The Shift

When a Name is Simplistically Descriptive

Archivist's Excerpt from Curious Landscapes & Their Quite Commonplace Explanations, Vol. III, CVI 42.4

Excerpt from Entry 6: "The Shift, & Other Unmannerly Acres"

Giving proper heed to the crucially somber tones of such mysteries, this entry will feature many words like “eons,” “cryptic,” and “non-euclidean.” The reader has been warned.

Littered throughout the continent stand dark ruins of some ancient and cryptic people from the darkest eons of the world’s forgotten days. Impossibly formed and forged of megalithic components (bricks, in other words), these ruins often align with astral patterns, particularly those in the Zodiac, though others get to join the party as well. Some in other Confluences and locations have come to call this exterior anomalies “Outcroppings,” for whatever reason. Regarding The Expanse, many of such ruins exist, some in better or worse states than others, and one apparently erected in one of the most unmannerly and difficult pieces of land, commonly known as the Shift among the Galó locals.

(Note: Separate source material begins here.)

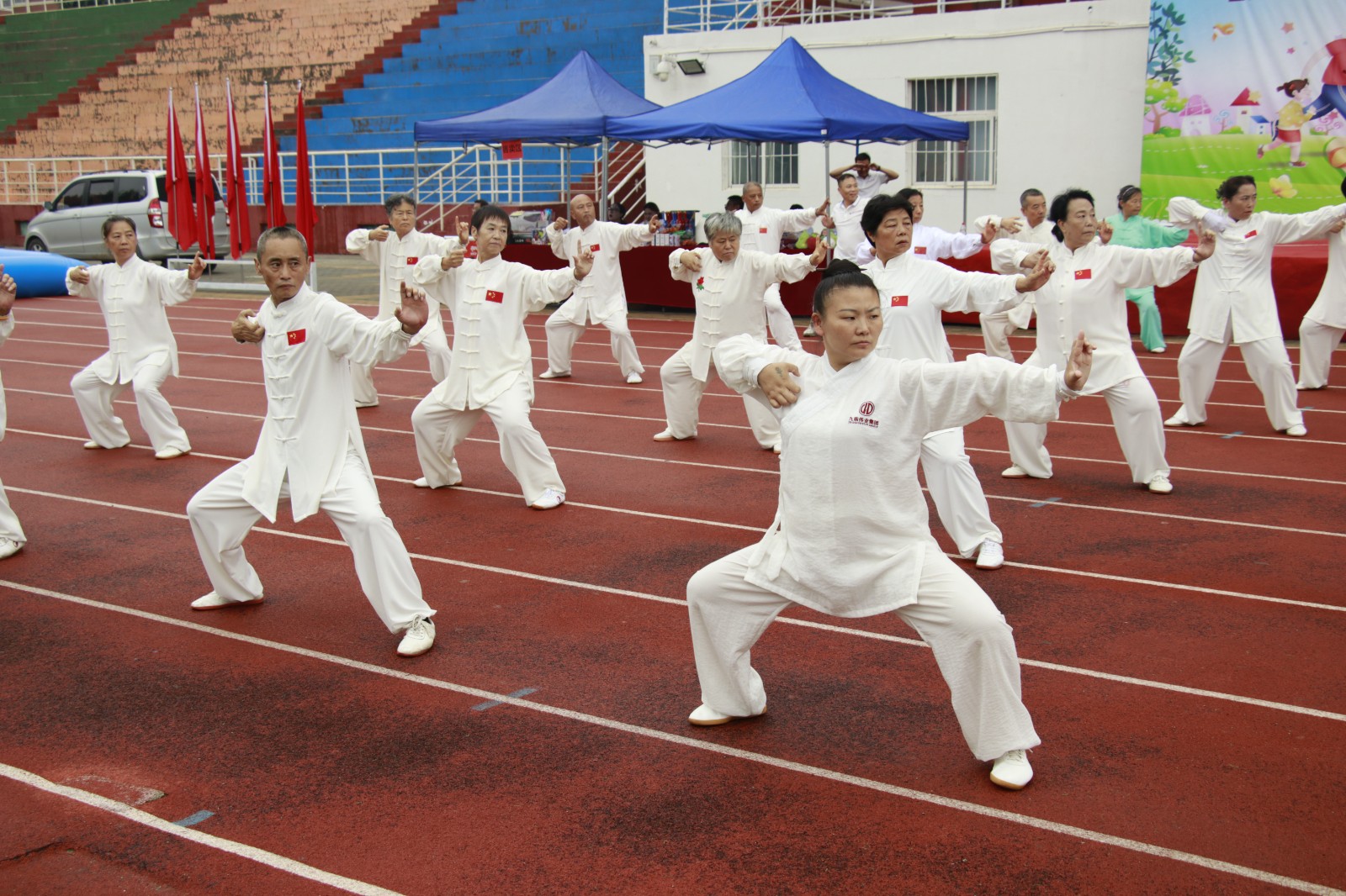 固安县社工部副部长李青梅、金鼎物业常务副总经理杨晓杰、固安县家庭教育协会党支部书记董素君、固安人民公园太极队李艳芳队长及广大太极爱好者、金鼎物业各项目业主家庭共同参与活动。

The Shift is a region of land surrounded by high ridge lines. Unknown geometric forces beneath the surface keep it in a continual state of churning upheaval, resulting in constant overturning of the dry, crystalline sand, doing the labour of ten trillion earthworms every half hour or so. It’s quite deadly. Long since viewed as a treacherous place by the Galó , the Shift is avoided by most settlers in The Expanse, though it has been used in times past for various and unpleasant initiation rites.

It is in this place that, of all things, major constructions of eldest days seem to reside, intricate and sprawling and majestic, though now mostly under the watery ground, making excavation not only impractical, but less than desirable. However, the mysteries beneath the Shift have intrigued many curious adventurers over the years, but most simply became examples to others.

Orphan’s earliest scouting parties quickly decided that it wasn’t worth the effort, and turned their attention to researching more useful things, and then produced proper book binding.